Frame Watchdog: When the recorder starts, if the RTSP DESCRIBE response doesn’t contain SPS/PPS in the SDP, the player cannot initialize decoding. The previous code waited indefinitely for SPS/PPS, causing goroutine leaks. v0.6.0 adds a frame watchdog — timing starts from the first RTP packet arrival; if no SPS/PPS is received within 5 seconds, it actively disconnects and reconnects.

Zero-Duration Recording Fix

A edge case was found in internal/storage/db_recording.go: when a recording segment closes with 0 frames written, the duration field in the database is 0. During playlist rendering, a 0-duration entry causes the frontend’s playlist total duration calculation to produce NaN.

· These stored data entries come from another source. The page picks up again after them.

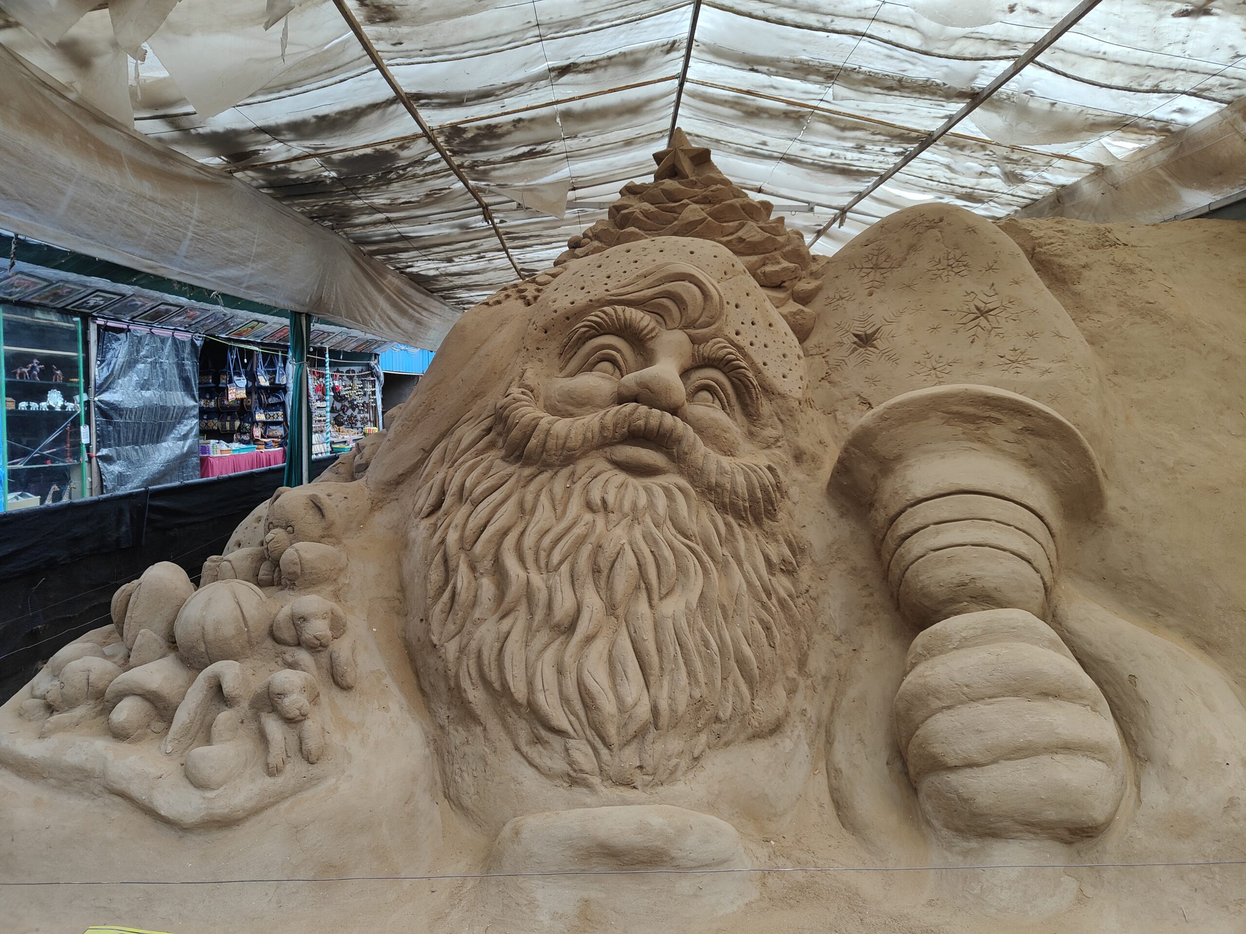 A beautiful representation of the goddess Chamundeshwari and the iconic Laughing Buddha are some of the distinct ones. The themes also transcend borders with creations of Western fairy tales, cartoons like Tom and Jerry and Santa Claus and middle eastern stories like The Arabian Nights. The ancient Egyptian era is portrayed with sculptures of pyramids and pharaohs.
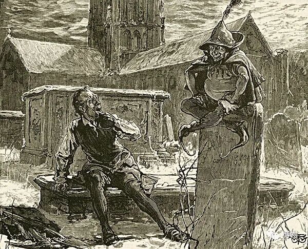 一幅19世纪英国小说的插画:醉醺醺的教堂司事在平安夜里为死者挖掘墓坑,一只哥布林突然出现在他面前。图中的哥布林矮小丑陋,并像英伦传说里那样戴着尖顶帽。
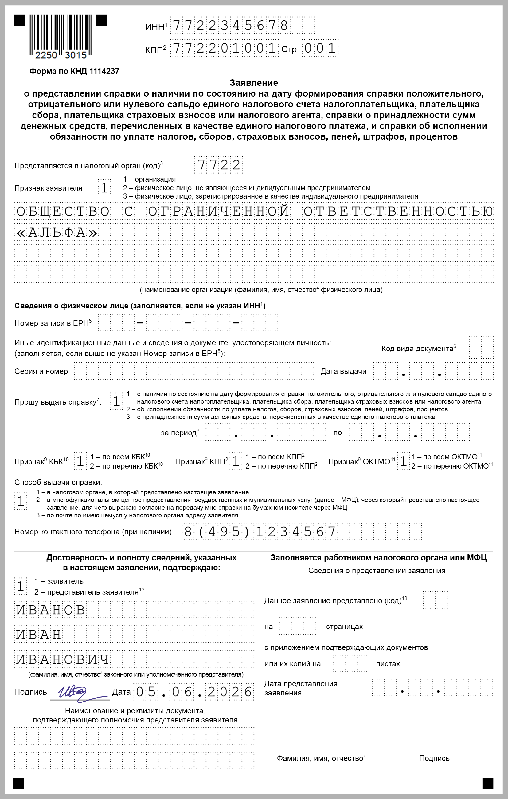 Чтобы получить справку о сальдо ЕНС, об исполнении обязанности по уплате налогов или о принадлежности сумм ЕНП, подайте в ИФНС электронный запрос с кодом нужной справки или заявление на бумаге.
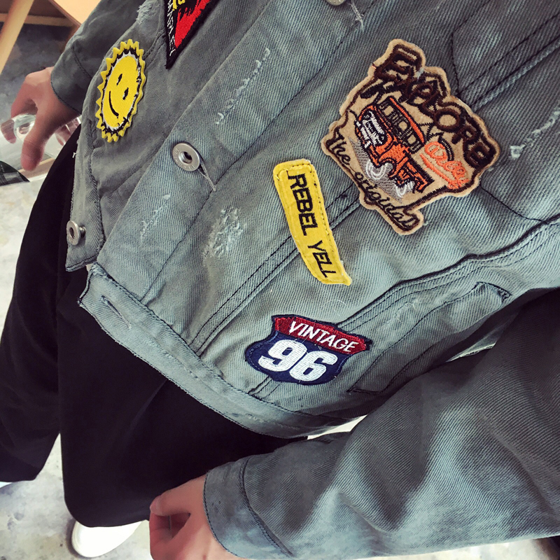 秋季新款原創徽章貼布水洗男士修身夾克牛仔外套
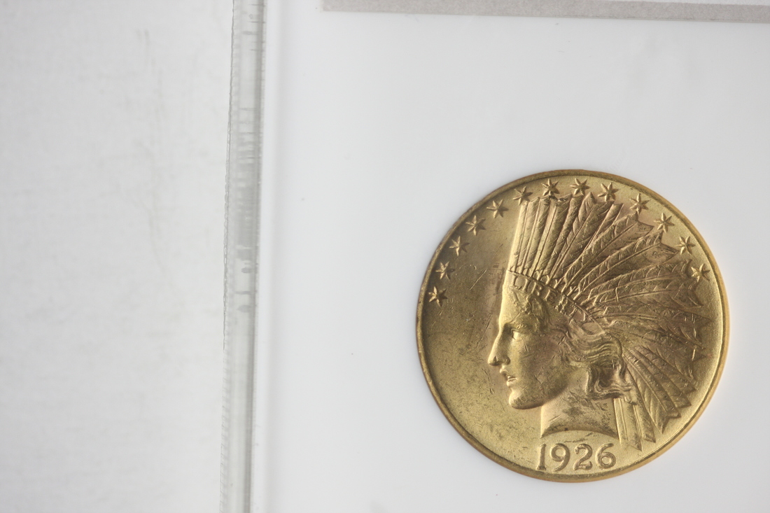 1926 $10 Indian. NGC MS60. A few distracting pin scratches are present in the obverse fields.
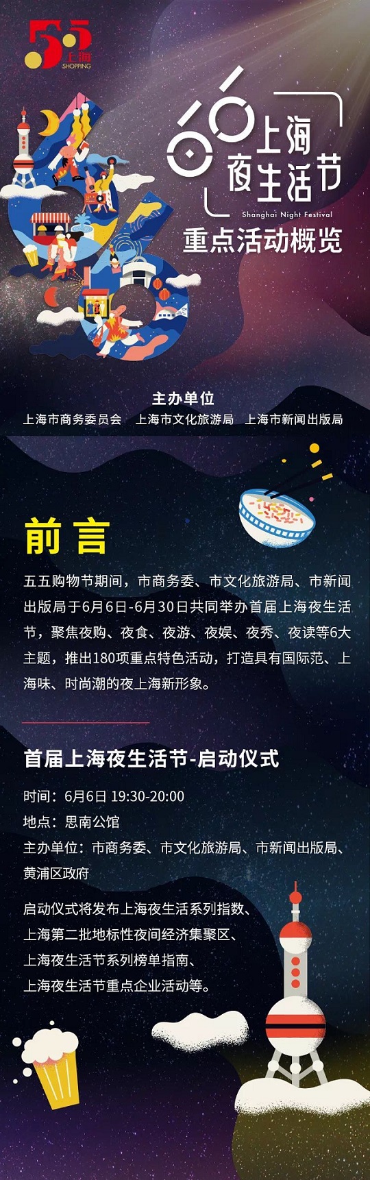华源表示,将于6月6日启动的首届上海夜生活节,计划围绕“夜购、夜食、夜游、夜娱、夜秀、夜读”等主题,推出上海酒吧节、深夜食堂节、深夜书店节、购物不眠夜、夜上海LIVE秀等180余项特色活动,打造具有烟火气、上海味、时尚潮、国际范的夜上海新形象。
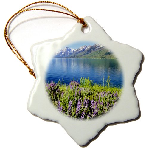 3dRose orn_97537_1 Wyoming, Grand Teton Np, Jackson Lake, Lupine-Us51 Rer0011-Ric Ergenbright-Snowflake Ornament, 3-Inch, Porcelain
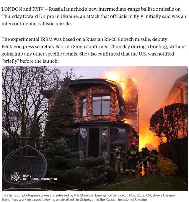 随后有乌克兰和美国官员称,俄军当天发射的“可能是中程弹道导弹”。
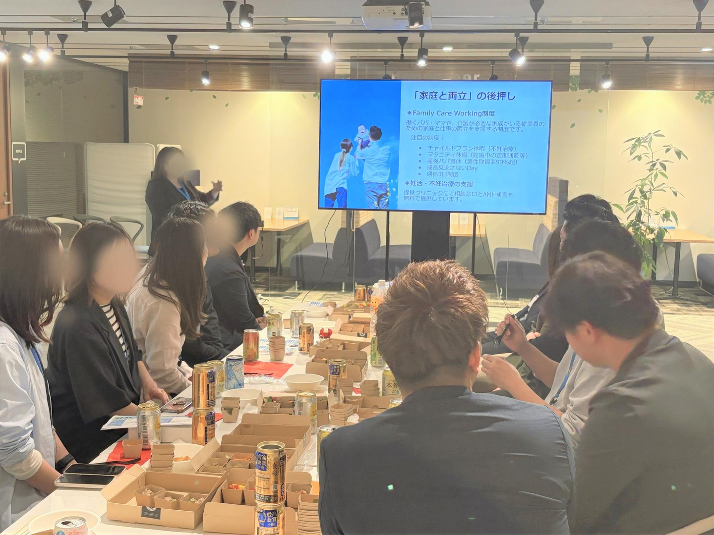 卒業されて数年以上経つ方が多かったため、現在のネオキャリアについて知っていただきたく、最後に少しだけ情報シェアのお時間をいただきました!今年開始した新サービス「Bスポンサーズ」や、新たに設立した子会社「ふるさと開拓ラボ」について。女性活躍推進に取り組む企業を賞する「WOMAN’s VALUE AWARD」の優秀賞を3年連続受賞したことや、福利厚生「Family Care Working制度」など、特に変化したポイントを中心にお伝えしました。

The fix is the PTS timestamp validity check in internal/recorder/pts_check.go — at recording start, it validates whether the first RTP packet’s PTS (Presentation Timestamp) is valid. If PTS is 0 or NaN, it skips that frame and waits for the next valid PTS, preventing invalid timestamps from being written to the MP4’s mvhd/tkhd boxes.

Documentation Restructure

v0.5.0’s documentation still had a single api-reference.md covering all API endpoints — a file exceeding 2000 lines that was impossible to navigate. v0.6.0 splits it into 19 modular documentation files:

 1
 2
 3
 4
 5
 6
 7
 8
 9
10
11
12
13
14
15
16
17
18
19
20
21
docs/en/api/
├── README.md               # API overview
├── authentication.md        # Authentication
├── cameras.md               # Camera management
├── recordings.md            # Recording management
├── streaming.md             # Streaming protocols
├── timelapse-protocols.md   # Timelapse protocols
├── transcoding.md           # Transcoding
├── onvif.md                 # ONVIF interface
├── health-monitoring.md     # Health monitoring
├── events.md                # Event system
├── archives.md              # Archiving
├── merge.md                 # Merging
├── ai-detection.md          # AI detection
├── settings.md              # Settings
├── system.md                # System management
├── backup.md                # Backup
├── camera-details.md        # Camera details
├── xiaomi.md                # Xiaomi cloud integration
├── errors.md                # Error codes
└── ...                      # Chinese mirror directory

Each in both Chinese and English, kept in sync. Every file聚焦 on one API endpoint or functional module, making it easy for users to find what they need and convenient for CI to check documentation coverage.

Bug Fixes

  • Transcoding queue race condition: Multiple recording tasks completing simultaneously triggered concurrent transcoding enqueues via the event bus, causing SQLite UNIQUE constraint violations. Fix: add mutex lock for transcoding enqueue operations, with idempotency check via SELECT first.
  • ONVIF preset name encoding: Some cameras return preset names that are not UTF-8 (e.g., GBK encoding), causing garbled text in the frontend. Fix: detect non-UTF-8 sequences per RFC 3629, fallback to ISO-8859-1 decoding.
  • HLS segment boundary black frames: In LL-HLS partial refresh mode, incomplete GOP structures at segment boundaries caused brief black frames. Fix: force waiting for the next IDR frame at segment boundaries.
  • ARM platform transcoding crash: Software encoding libx264 on ARMv7 produced SIGILL due to NEON optimization path check failure. Fix: added -cpuflags none to FFmpeg command.

Performance

Test suite optimized from ~340s to ~88s (74% faster). Main optimizations:

  1. Parallel testing: Independent test cases use t.Parallel() for concurrent execution
  2. SQLite WAL mode: Test DB uses PRAGMA journal_mode=WAL, reducing write lock contention
  3. Mock clock: Time-dependent tests (e.g., health score time windows) use clock.Mock instead of time.Sleep

Upgrade

Configuration is backward compatible — just replace the binary:

bash
1
2
3
4
5
# Docker
docker pull ghcr.io/mi-bee-studio/mibeenvr:latest

# Or download binary
wget https://github.com/Mi-Bee-Studio/MiBeeNvr/releases/latest/download/mibee-nvr-$(uname -m | sed 's/x86_64/amd64/;s/aarch64/arm64/')

After upgrading, check config.example.yaml for new configuration items (timelapse, transcoding, streaming, etc.) and add them to your own config file as needed.